Here is the task for the listing below: output exactly the lines from the one containing "- Een vlag van" through the one containing "回顾历史,放飞梦想,筑梦五四", and leave out the pictures.

■ Material for this task:
********************

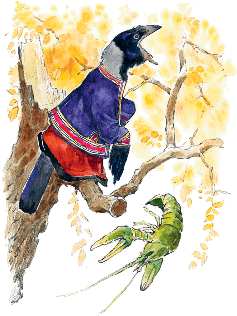 – Ага! – крикнула ворона во весь рот и уронила рака в воду.
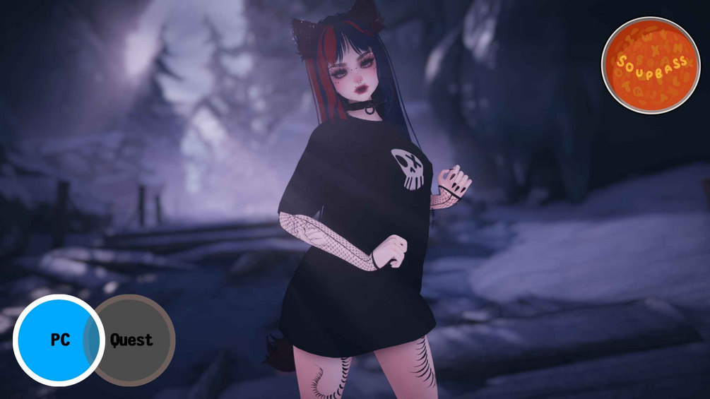 The Quest side is missing a lot of features that are available on the PC side!!! I do not recommend buying this avatar if you are on standalone quest, as you will not have the same experience as a PC user. I try to include Quest conversions when I can so everyone is able to see you.
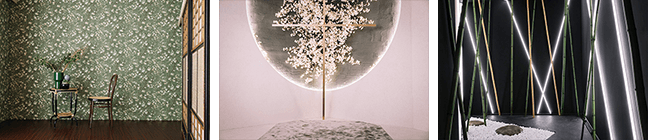大正浪漫邸宅や茶室をはじめ、桜や竹など日本らしさを感じる伝統的な情景を現代風に解釈した、唯一無二のクリエイティブな空間。
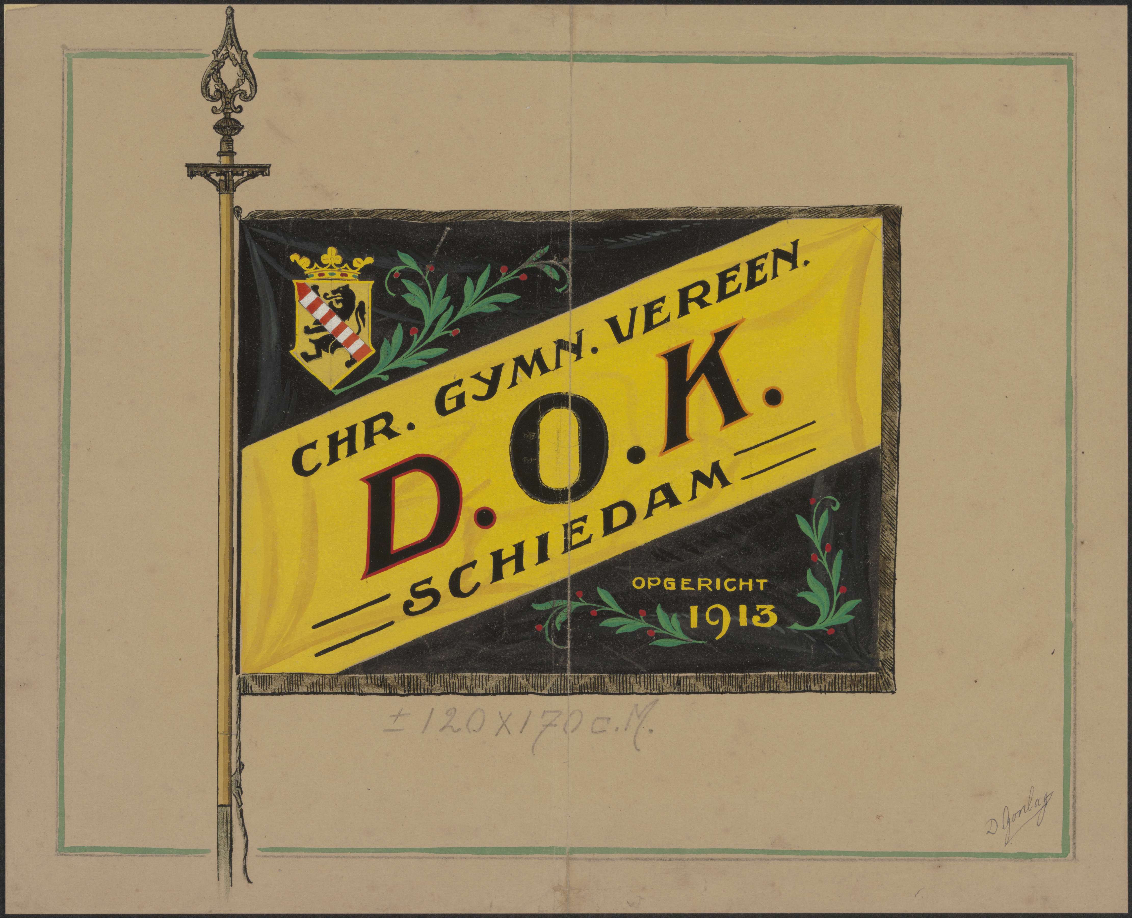 - Een vlag van de Christelijke Gymnastiekvereeniging D.O.K. te Schiedam, opgericht 1913.
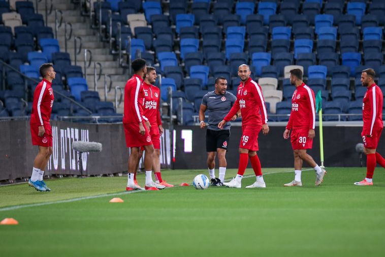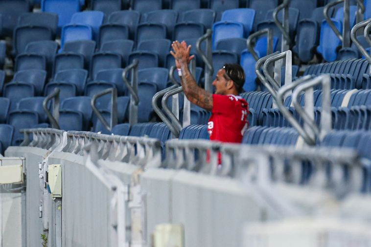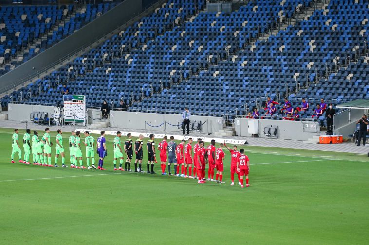 השחקנים נעמדים בפני אצטדיון ריק (מאור אלקסלסי)
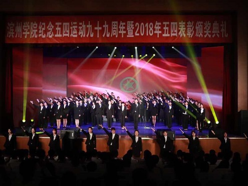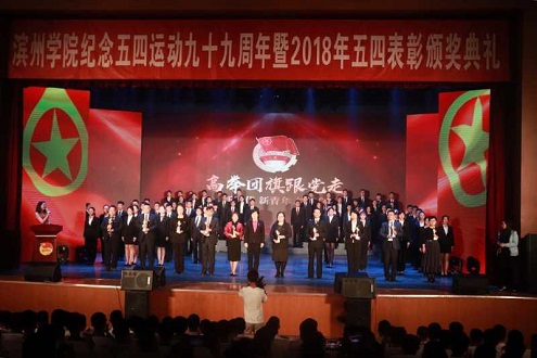 回顾历史,放飞梦想,筑梦五四,青春激扬。整个典礼分为青春活力、青春奉献、青春使命三个篇章。短片“青春·活力”让大家领略到滨院青年的文化底蕴与青春气息;“星火燎原”三下乡志愿服务队同学们真挚的倾诉,感动了全场师生,让大家感受到滨院青年的奉献与责任。在本次颁奖典礼中,公司团总支荣获“滨州公司红旗团总支”称号;ERP沙盘模拟大赛在滨州公司2017年“一院一精品”十佳校园文化活中脱颖而出;“鲁豫之约”三下乡社会实践团队荣获“2017年山东省老员工暑期‘三下乡'社会实践活动优秀服务队”称号;张智涛、张璐老师分获“2017年山东省老员工暑期‘三下乡'社会实践活动优秀指导教师”、“滨州公司优秀青年工作者”荣誉称号;孙政辉、索相宝等五名同学荣获“2017年山东省老员工暑期‘三下乡'社会实践活动优秀员工”称号。
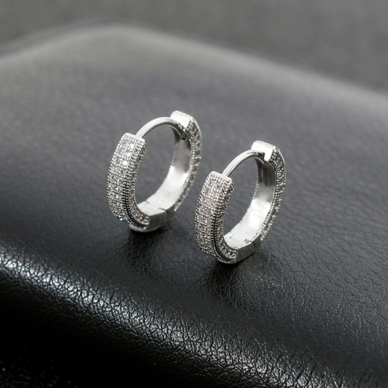 欧美满钻耳环新款耳扣百搭耳钉男士黄金色耳圈女耳饰义乌热销配饰
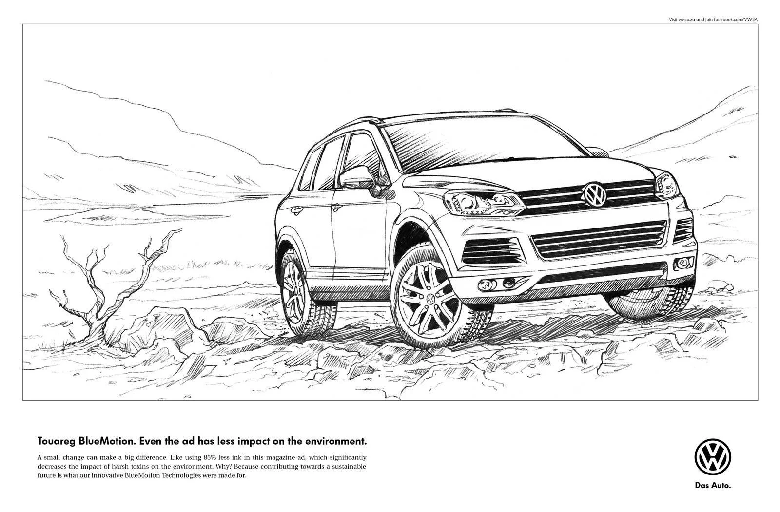 This is a print ad for a magazine in South Africa with a visual of Touareg BlueMotion in what’s presumably an African landscape. Instead of relying on costly photography and clever play on lights to emphasize the vehicle’s style and versatility, the artist decides to take a minimalistic approach with a black and white drawing.
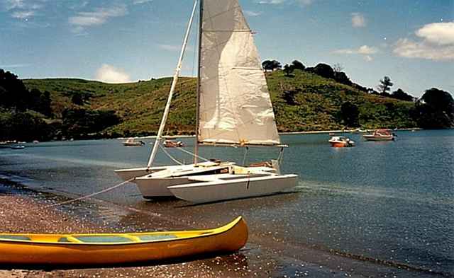 Early next morning a gentle sea breeze arrived, the sky clear, breakfast over with, stowed all loose gear below, on with my life jacket, hoisted mainsails, down centreboard, up anchor, out with Genoa furler, sheets in and off we went at a nice little clip. Our destination Kawau Island about four – five hours sail away depending on wind strength. Interesting to note that once the sails had been tuned I found our little cruiser well balanced with steering to be at finger-tip-light, so as an experiment used a bungee cord placed over the tiller (not around it) attaching it to both starboard and port cleats. Amazing really as she held her given course thus relieving me so I could grab a bite to eat or read a magazine whilst keep a watchful eye for shipping from the cockpit. Around mid-afternoon the wind died altogether leaving us in a flat calm sea with a slight swell from the east, my destination I could see was only about two miles away so out came our canoe paddle and away we went paddling whilst I’m sitting astride one of the amas/floats. This continued until almost dusk when another breeze arrived. At last we were moving again approximately 8 - 10 knots from the east arriving in Bon Accord Harbour just as the sun was setting. Lesson learnt; get a small outboard motor and fit navigation lights the latter I was worried about if caught out at night again.
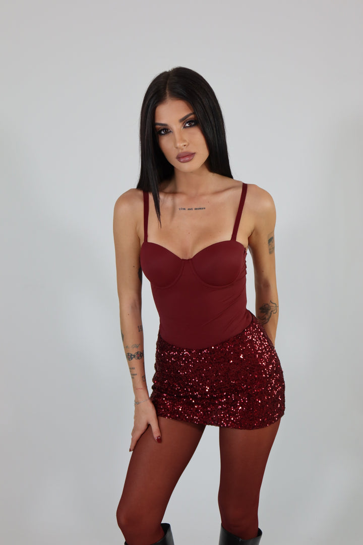 Body in tessuto aderente ed elasticizzato con coppe preformarte. La modella indossa una taglia S.
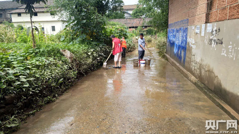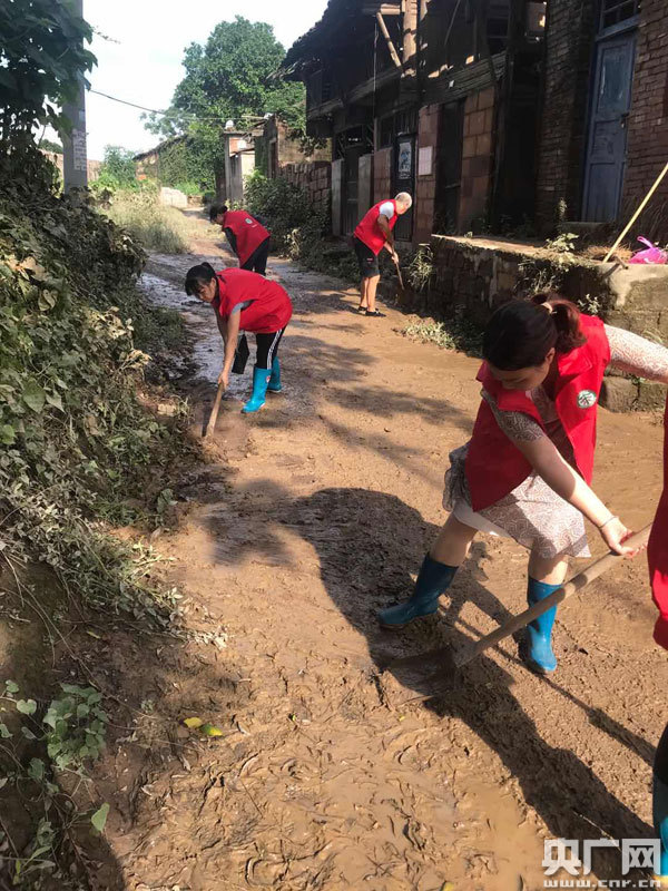 社區(qū)黨員、小組干部、熱心群眾共16名,手持鐵鏟、掃帚等工具在全社區(qū)各角落開(kāi)展清掃,還接了一根水管,將淤泥、垃圾等徹底沖刷干凈,使洪水退去的地方整潔一新。

********************

■ Exercise answer:
 - Een vlag van de Christelijke Gymnastiekvereeniging D.O.K. te Schiedam, opgericht 1913.
 השחקנים נעמדים בפני אצטדיון ריק (מאור אלקסלסי)
 回顾历史,放飞梦想,筑梦五四,青春激扬。整个典礼分为青春活力、青春奉献、青春使命三个篇章。短片“青春·活力”让大家领略到滨院青年的文化底蕴与青春气息;“星火燎原”三下乡志愿服务队同学们真挚的倾诉,感动了全场师生,让大家感受到滨院青年的奉献与责任。在本次颁奖典礼中,公司团总支荣获“滨州公司红旗团总支”称号;ERP沙盘模拟大赛在滨州公司2017年“一院一精品”十佳校园文化活中脱颖而出;“鲁豫之约”三下乡社会实践团队荣获“2017年山东省老员工暑期‘三下乡'社会实践活动优秀服务队”称号;张智涛、张璐老师分获“2017年山东省老员工暑期‘三下乡'社会实践活动优秀指导教师”、“滨州公司优秀青年工作者”荣誉称号;孙政辉、索相宝等五名同学荣获“2017年山东省老员工暑期‘三下乡'社会实践活动优秀员工”称号。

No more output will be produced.